The International Monetary Fund (IMF) released a new Global Financial Stability Report last Tuesday that warns that“a series of cascading shocks” endanger global financial stability. The IMF notes that since its last issuing of this report, in April of this year, the situation for the global financial system had “materially worsened.”
Deepening worldwide economic problems risk turning a more localized financial insolvency into a threat to global financial markets. The agency pointed to a list of problems: the aggressive hiking of interest rates, significant sell-offs in stock and bond markets, extreme volatility in financial markets, the appreciation of the dollar, soaring borrowing costs for emerging markets, and the general tightening of financial conditions globally.
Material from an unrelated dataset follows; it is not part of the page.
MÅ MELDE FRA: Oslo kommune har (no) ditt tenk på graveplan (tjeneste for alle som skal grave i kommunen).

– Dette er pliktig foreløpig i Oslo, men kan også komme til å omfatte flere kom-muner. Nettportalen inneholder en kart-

It added to these present-day problems, a series of future threats that could further exacerbate things: Inflation could remain high (even with a recession), China’s housing market problems could endanger the country’s banking system, investors could flee emerging markets, turmoil in the EU could divide the Southern vs. the Northern economies, and a decline in housing markets that could hurt homeowners, especially in developing countries.
Tobias Adrian, director of capital markets for the IMF, told the Financial Times, “We’ve seen differentiation across the risk spectrum today… What I worry about is that there could be a broader base—a risk-off event—where it’s not just the riskier spectrum that sees wider spreads or wider risk premia, but also the safer issuers.”
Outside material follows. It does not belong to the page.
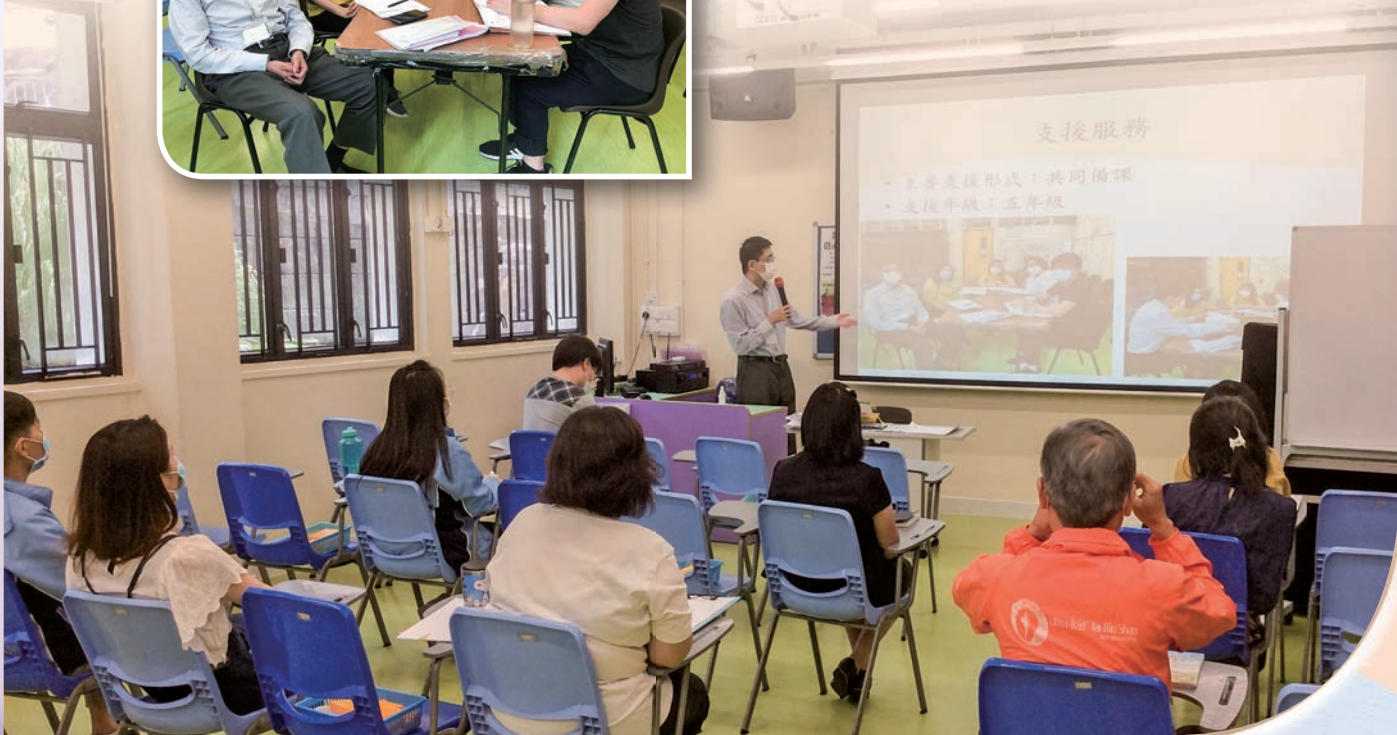
陳博士向數學組老師分享教學設計心得。

In simpler terms, the IMF expects problems to emerge in more vulnerable parts of the financial system, like developing markets, but is worried that safer lenders—the major Western banks and financial services—could also descend into crisis.
The IMF’s report is only the latest in a series of warnings that the global economic system risks not only recession, but financial meltdown. Nearly every central bank in the world is raising interest rates to stop inflation and a growing push for higher wages.
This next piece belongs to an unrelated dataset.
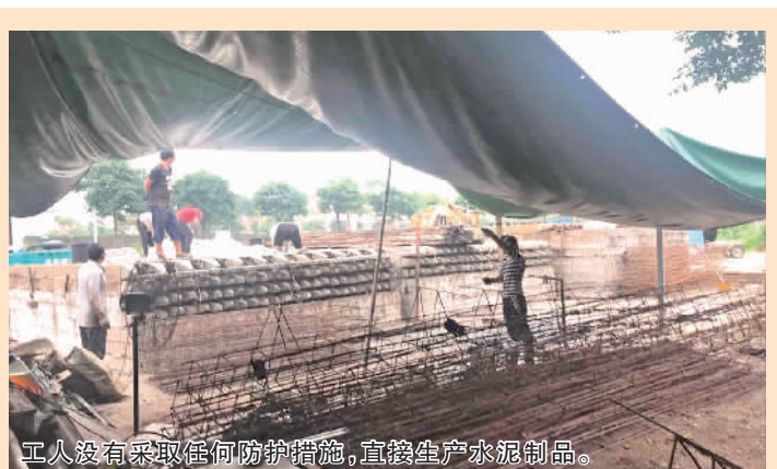
工人没有采取任何防护措施，直接生产水泥制品。

Last week, the American billionaire and hedge fund manager Ray Dalio said the United States economy faced a “perfect storm” and JP Morgan CEO Jamie Dimon said a recession was imminent.
In particular, the IMF report notes the fragility of developing economies amidst this coming storm. By their calculations, about a third of all banks in developing countries risk insolvency in their stress-test scenario.
They also highlight so-called “open-end investments,” and the potential risk they pose for markets. Open-ended investment funds are a growing form of mutual fund in which investors can redeem their investment at any time. The IMF states that “those offering daily redemptions while holding illiquid assets can amplify the effects of adverse shocks by raising the likelihood of investor runs and fire sales.”
Clearly, the IMF understands that the present policies of world governments threaten a financial crisis, likely beginning in developing countries. They write that “the tightening of financial conditions needs to be calibrated carefully, to aim at avoiding disorderly market conditions that could put financial stability unduly at risk.”
However, the IMF maintains that central banks must continue their tightening measures at all costs, in order to bring inflation back to its target and “avoid a de-anchoring of inflation expectations.” Put plainly, the IMF is calling on world governments to “hold the line” as they collectively work to suppress the growing movement of workers for higher wages.
The IMF, in this sense, has no real policy suggestion, except to “be careful,” as governments plunge the world economy into recession. This is a testament to the exhaustion of alternatives.
Despite all this gloom, in the forward to the report, Tobias Adrian seeks to reassure investors that nothing cataclysmic is around the corner. “A bright light,” Adrian writes, “comes from our global banking stress tests which show relative resilience for advanced economy banks.” In other words, the resiliency of the main Western banks, ostensibly improved since 2008, will keep the system together.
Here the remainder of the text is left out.